Regrettably, even diehard Tolkien enthusiasts, myself included, would be hard-pressed to find this small-screen fantasy adaptation engaging on any level. The fact that the series is based not on Tolkien’s novels but on the appendices of his novels— yes, footnotes and such— is not necessarily a bad thing; after all, he was such a genius he created not just stories but whole universes; sprawling worlds with their own races and cultures and even fully-formed languages. Why wouldn’t his appendices be a treasure trove of storytelling?
If they are, it’s sadly not in evidence here. The Lord of the Rings: The Rings of Power begins with a promising prologue featuring a young elf Galadriel (SAINT MAUD’s Morfydd Clark playing Cate Blanchett’s role from the films) learning some life lessons from her brother… and just gets less and less interesting as it goes on. There is a time jump to an extended battle scene (featuring that laziest of cinematic devices, the voiceover narration) followed by a tedious sequence that begins on a snowy CGI cliff face and ends in an action scene so poorly lit that you wonder why they bothered to film it at all. Two other storylines are subsequently introduced: one about a bunch of hobbits (of the Harfoot variety, apparently) and another about an elf and the human he is apparently in love with. (I say, “apparently,” because nothing in the script shows them having any kind of chemistry.)

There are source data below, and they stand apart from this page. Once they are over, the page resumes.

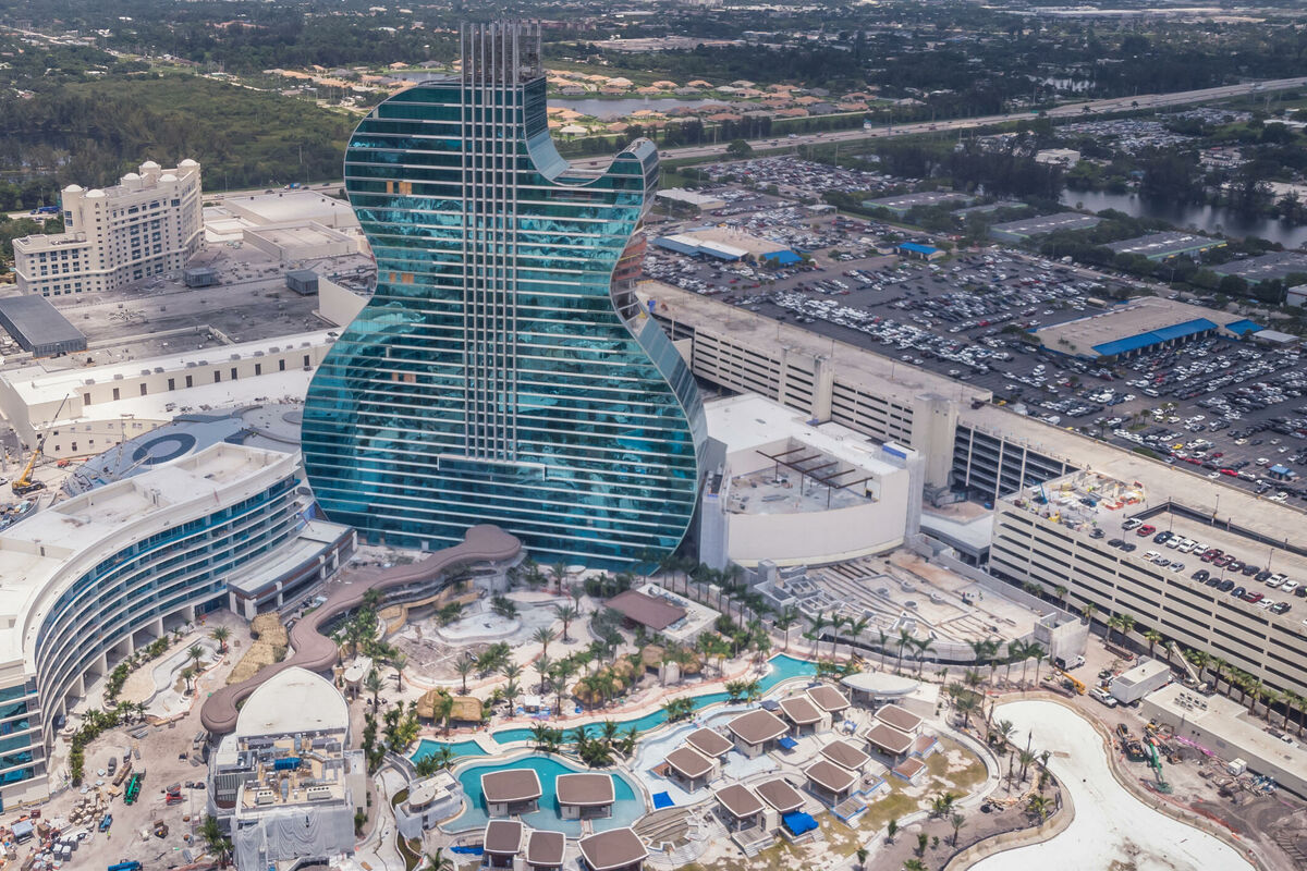 Dizajniran kao dvije gitare naslonjene jedna na drugu, visine oko 140 metara, pravi je spektakl za sve koji ga ugledaju. Ima 35 spratova, 638 luksuzno opremljenih apartmana i soba, bazene, lagunu kao i Rok spa od 3.900 kvadrata jer se ceo hotelski kompleks nalazi na milju od plaže u Holivudu, mjestašca nedaleko od Majamija i Fort Lauderdale.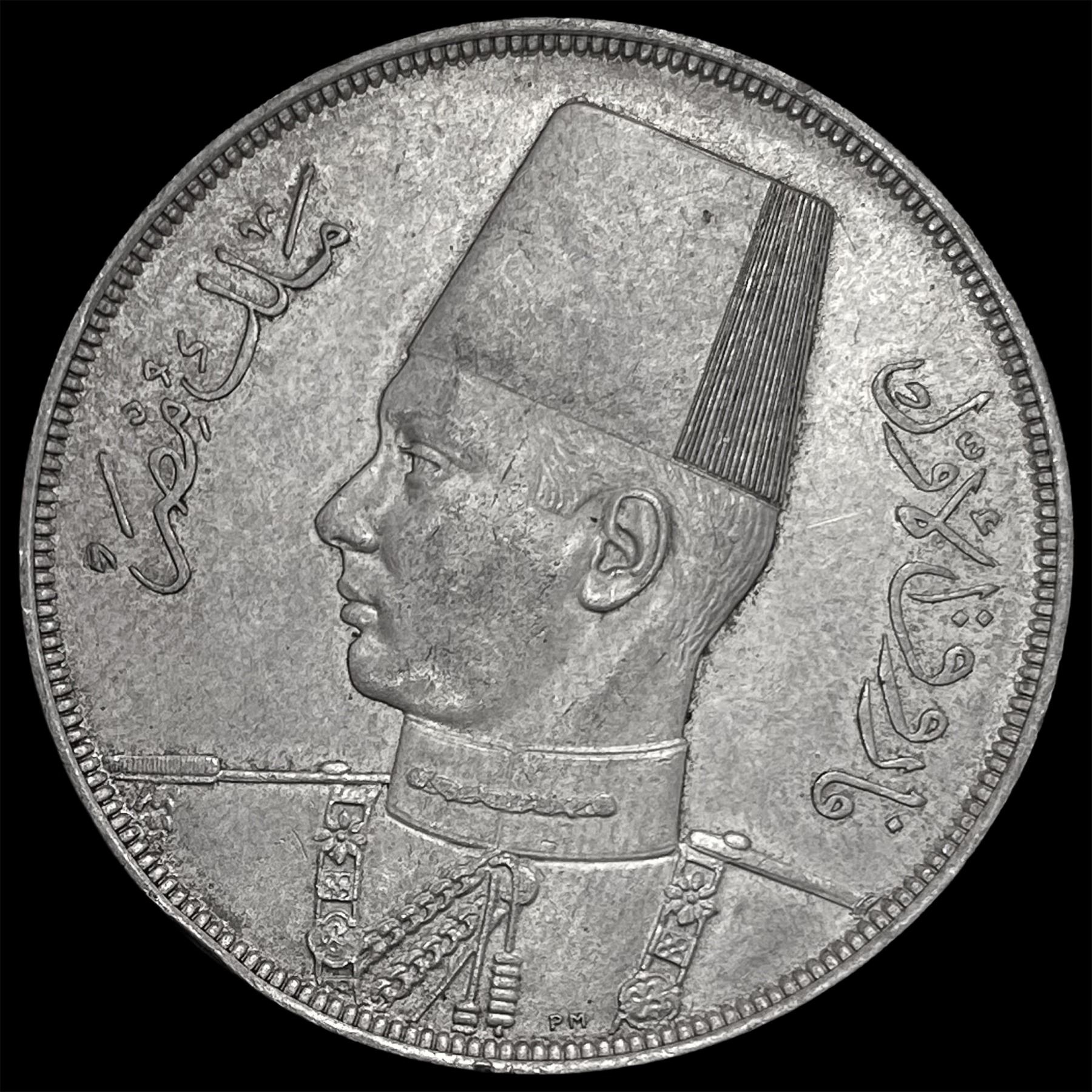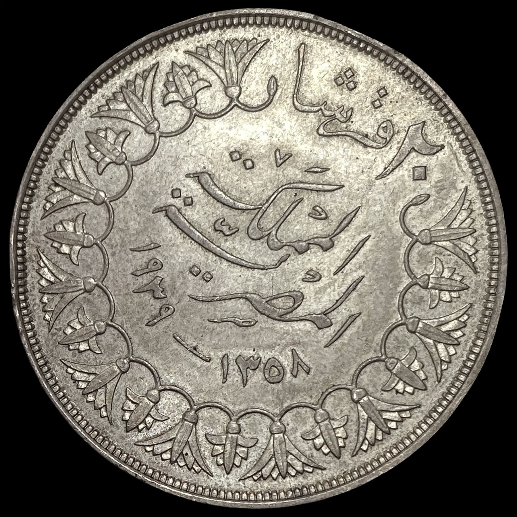 1939 Egypt Farouk Silver 20 Piastres NEARLY UNCIRCULATED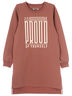 Платье с длинным рукавом, в горловине и рукавах манжеты. Спереди стильный принт. Спинка удлиненная. В боковых швах карманы. По бокам разрезики. Изготовлено из петельчатого футера с эластаном.

Sadly, each of these stories is more boring than the last. And although the CG looks great, although the costumes look amazing; although the cinematography is epic, the show is really nothing spectacular. The music, for its part, tries its damnedest to convince you that what you’re watching is exciting or terrifying, or romantic, but there just isn’t enough on offer here for me to care. Why? Because the writers didn’t spend enough time developing the characters; and if they don’t care about them, why the hell should I? By the end of the episode, which features a WTF moment that frankly belongs in another show, I had checked out completely.
Let’s hope that there is enough money in the $1 billion budget for them to hire better writers for successive episodes… none of which, it pains me to say, I will be watching.